ГЛАВА 21
Мы дождались, пока Фарида зайдет в дом, сказав ей, что тоже вернемся через минуту, а потом я отступила от Кости на шаг и…
— Значит, ноги вырвешь, если уйду, — уточнил он.
— Вырву, — хмуро пообещала я, запахивая на груди полы ветровки. — Костя, вот ты же знаешь, что я — бешеная тумановская порода, а, что ты меня злишь? Я и так на нервах из-за того, что ты уезжаешь, а ты, как специально, компостируешь мне… — я поняла, что снова распаляюсь, и все-таки заставила себя заткнуться, — прости.
— Чё компостирую? — Нет, он был неисправим.

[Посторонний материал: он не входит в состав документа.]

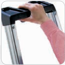
Vaschetta porta oggetti anatomica di sicura presa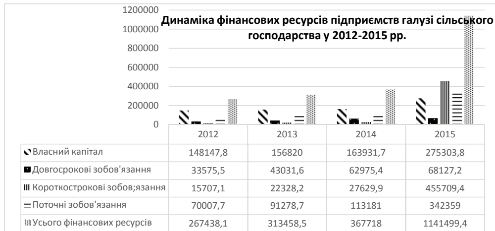
Рис. 2. Динаміка фінансових ресурсів підприємств галузі сільського господарства у 2012-2015 рр. [9]

Дані рис. 3 висвітлюють чітку тенденцію до значного зросту поточних зобов'язань у порівнянні з досить повільним зростом довгострокових зобов'язань. Це є негативною тенденцією, адже залучення саме довгострокових ресурсів, за умови ефективного їх використання, дозволяє досягнути значні позитивні економічні зсуви, у тому числі, у напрямку покращення фінансових результатів сільськогосподарських підприємств.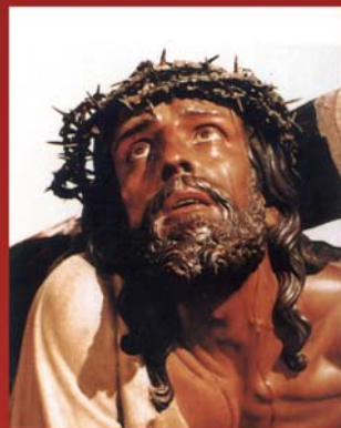
La Tercera Caída, Parroquia de San Román de la Llanilla.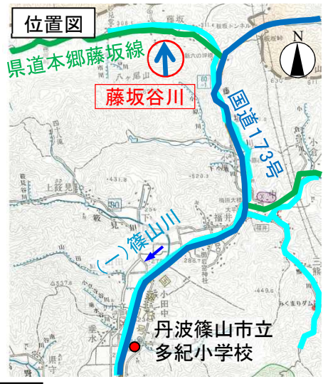
藤坂公民館(避難所)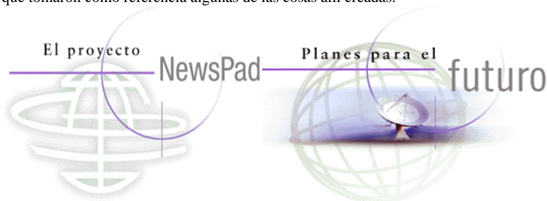
Figura 2. Algunas de las propuestas realizadas en el proyecto NewsPad.

En este Proyecto, los “hermanos” de El Periódico fueron Acorn Computer (de Cambridge), quien se encargó de suministrar de tecnología; la firma francesa Carat, intermediaria de las empresas publicitarias con una fuerte implantación en Europa, que lleva el control del impacto de la publicidad sobre los usuarios; el Institut Català de Tecnologia , que aporta apoyo técnico y resuelve las consultas sobre telecomunicaciones y la empresa griega Archimedes Ltd. Este Proyecto ofrece sobre todo una nueva forma de plantear la información, buscar recursos para gestionarla –publicidad– y mostrar el camino a la tecnología necesaria para hacerlo y recibirlo. Si bien, el proyecto se quedó en eso, un proyecto, luego sirvió como referente para otros muchos periódicos digitales que tomaron como referencia algunas de las cosas allí creadas.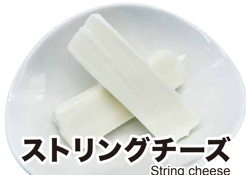
ストリングチーズ String cheese 346円 (税込380円)

— Не «чё», а «прости», идиот!
— Сама идиотка, — тут же отреагировал Костя, и спустя секунду напряженного и близкого к взрывному молчания мы оба вдруг прыснули и расхохотались: от нелепости слов, от облегчения и бог знает, от чего еще.
В воскресенье Костя улетел на Новый Порт, а я осталась в деревне: считать дни, волноваться, переживать... — и стараться , стараться вместе со своим мужем сохранить то, что возродилось между нами здесь, в месте, где мы были самими собой, рядом с теми, кто любил нас и хотел для нас самого лучшего, несмотря на то, что иногда это выглядело совсем иначе.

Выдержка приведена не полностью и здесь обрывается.